Work to be completed:
Start at the first line below and write out everything verbatim except the pictures.

Dataset content:
'''
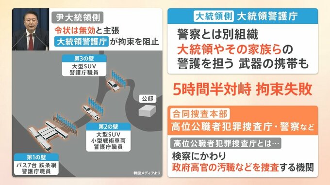 大統領側の「大統領警護庁」は、警察とは別の組織で、大統領やその家族らの警護を担い、武器も携帯しているといいます。1月3日には、大統領警護庁がバスや車両などでバリケードを作ったため、うまくいきませんでした。
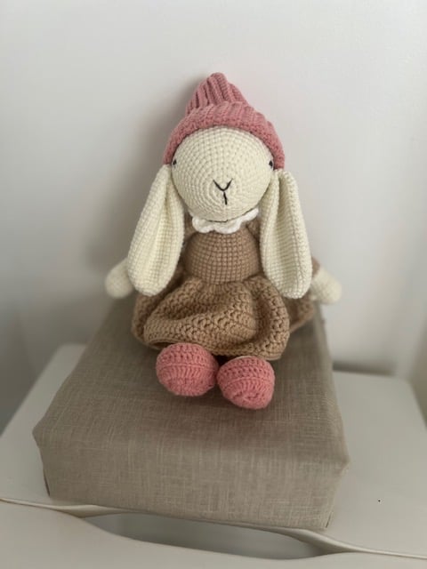 This 28 cm handmade crochet bunny wears a soft latte-colored dress, paired with a knitted pink beanie and matching booties. Her long floppy ears and stitched smile make her irresistibly huggable.
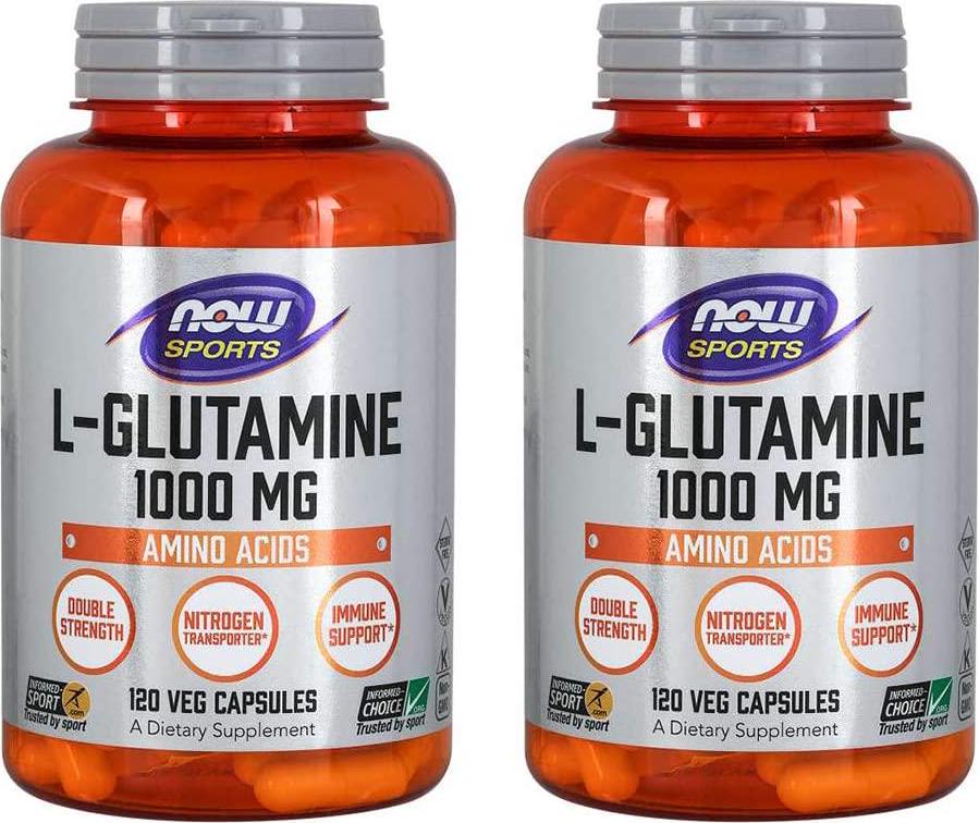 Now Foods L-Glutamine, Double Strength, 1000 mg, 120 Capsules, 2 Pack
'''
Result below:
 大統領側の「大統領警護庁」は、警察とは別の組織で、大統領やその家族らの警護を担い、武器も携帯しているといいます。1月3日には、大統領警護庁がバスや車両などでバリケードを作ったため、うまくいきませんでした。
 This 28 cm handmade crochet bunny wears a soft latte-colored dress, paired with a knitted pink beanie and matching booties. Her long floppy ears and stitched smile make her irresistibly huggable.
 Now Foods L-Glutamine, Double Strength, 1000 mg, 120 Capsules, 2 Pack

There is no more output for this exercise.